[ACTIVITY]:
Starting at the line that contains "定番シルクウールの上質生地を" and ending at the final line of the entries below, write out each line exactly as it appears, but omit the pictures.
*** Opening EXERCISE INPUT ***
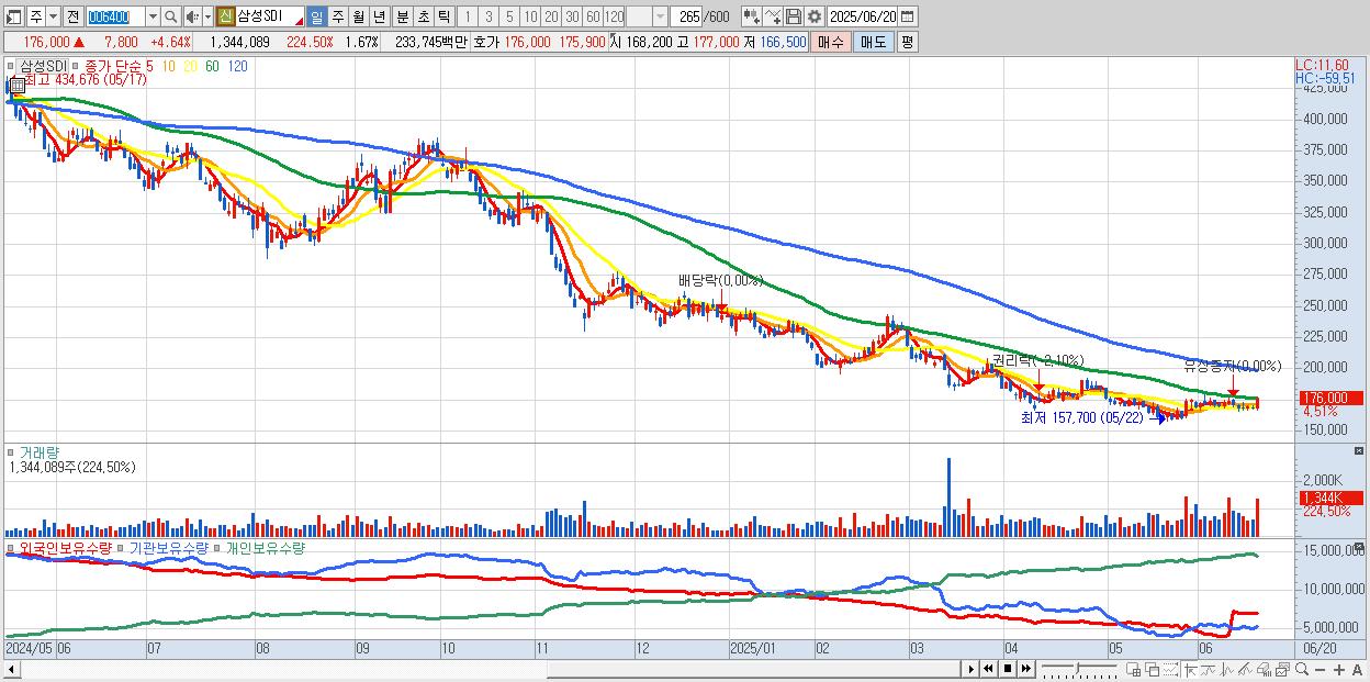 - 삼성SDI (176,300원 ▲ 4.82% , 시총: 142,072억, 거래량: 934,905, 거래대금:1,627억)
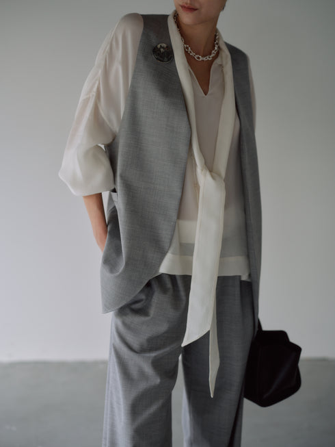 定番シルクウールの上質生地を使用したしなやかでクールな印象のベスト。フロントはあえてボタンも何もなくスッキリさせ、バックスタイルはベルトが効いたデザイン。
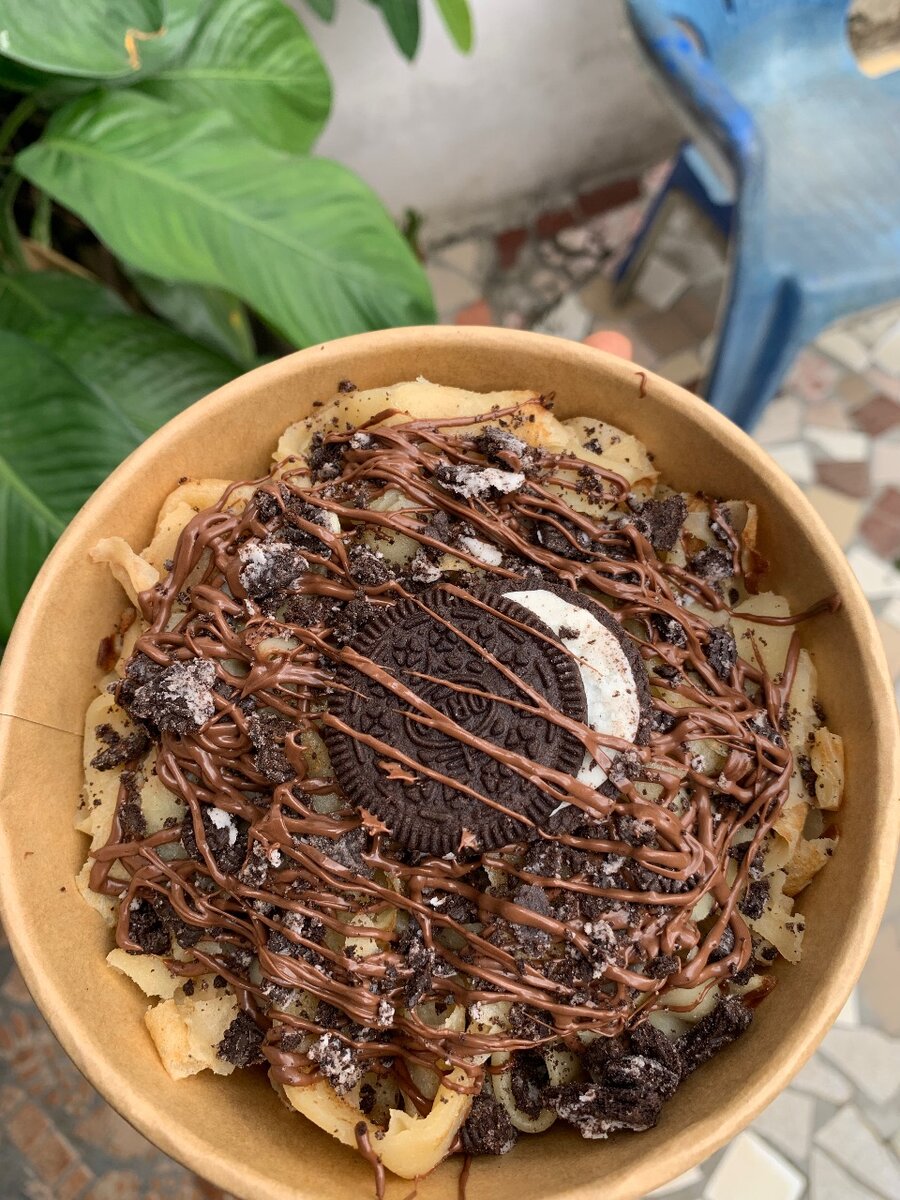 Découvrez notre grand bol de 10 crêpes fettuccine garnie de chocolat fondant nutella et d'un savoureux biscuit Oreo.
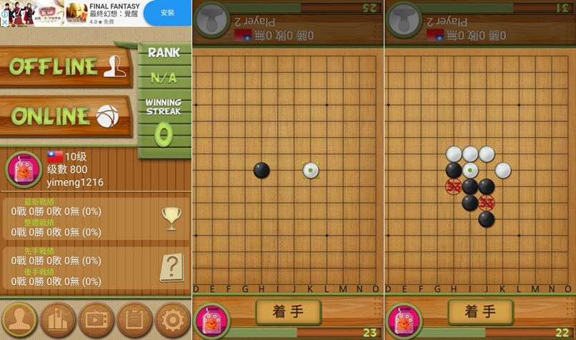 五子棋、圍棋之類的黑白棋都是只能兩人,當然你也可以跟電腦玩或分飾二角,棋類的優點就是隨時可開場或結束,簡單方便適合打發時間。
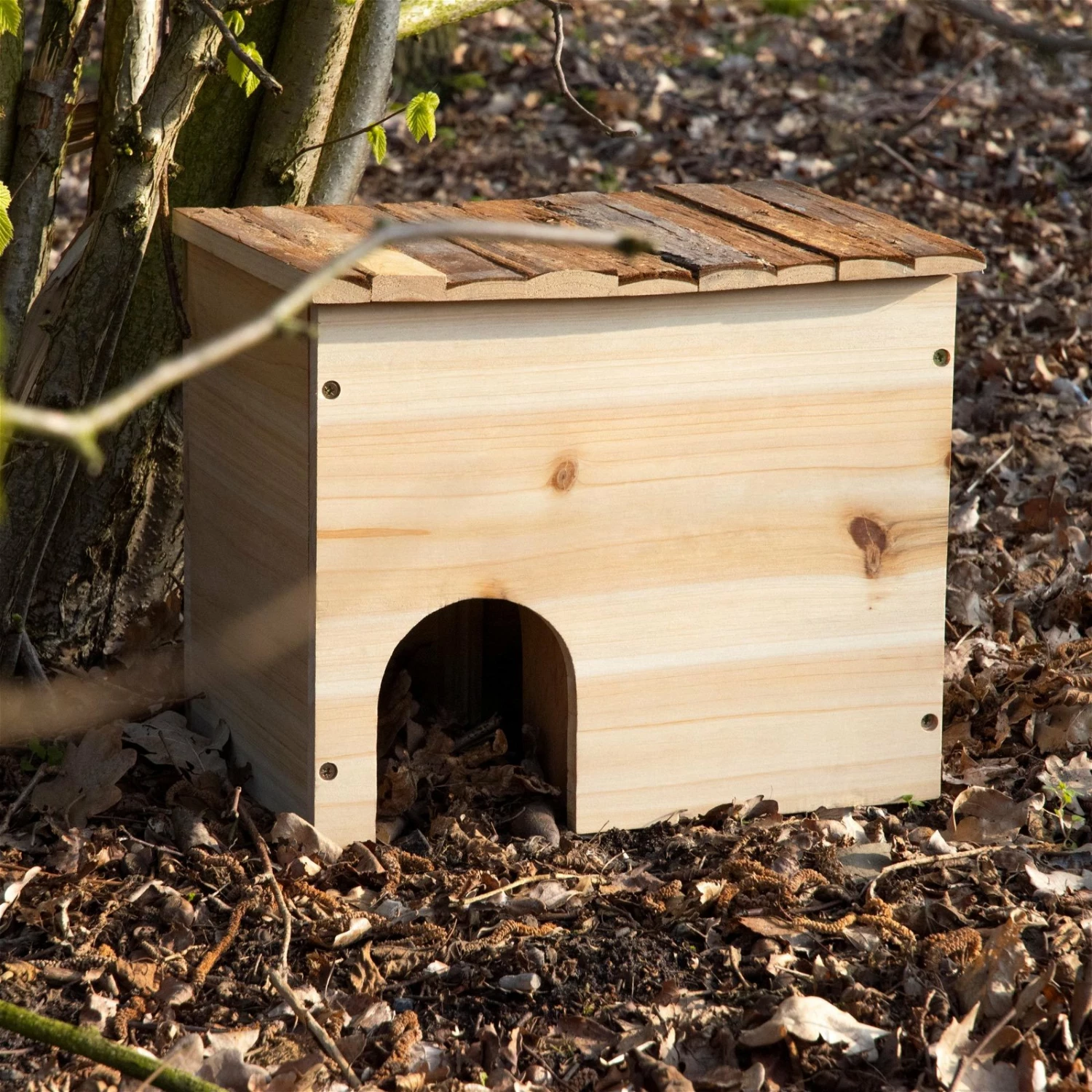 Igel sind Nützlinge und stehen unter Naturschutz. Bieten Sie mit diesem Schlafhaus den Igeln in Ihrem Garten einen sicheren Zufluchtsort an! Gerne ziehen sich die nachtaktiven Tierchen während ihres Winterschlafs in dieses liebevoll und artgerecht gestaltete Igelschlafhaus zurück. Optimal ist ein ruhiger Standort, an dem sich Igel ungestört fühlen.
*** Closing EXERCISE INPUT ***
[ANSWER SECTION]:
 定番シルクウールの上質生地を使用したしなやかでクールな印象のベスト。フロントはあえてボタンも何もなくスッキリさせ、バックスタイルはベルトが効いたデザイン。
 Découvrez notre grand bol de 10 crêpes fettuccine garnie de chocolat fondant nutella et d'un savoureux biscuit Oreo.
 五子棋、圍棋之類的黑白棋都是只能兩人,當然你也可以跟電腦玩或分飾二角,棋類的優點就是隨時可開場或結束,簡單方便適合打發時間。
 Igel sind Nützlinge und stehen unter Naturschutz. Bieten Sie mit diesem Schlafhaus den Igeln in Ihrem Garten einen sicheren Zufluchtsort an! Gerne ziehen sich die nachtaktiven Tierchen während ihres Winterschlafs in dieses liebevoll und artgerecht gestaltete Igelschlafhaus zurück. Optimal ist ein ruhiger Standort, an dem sich Igel ungestört fühlen.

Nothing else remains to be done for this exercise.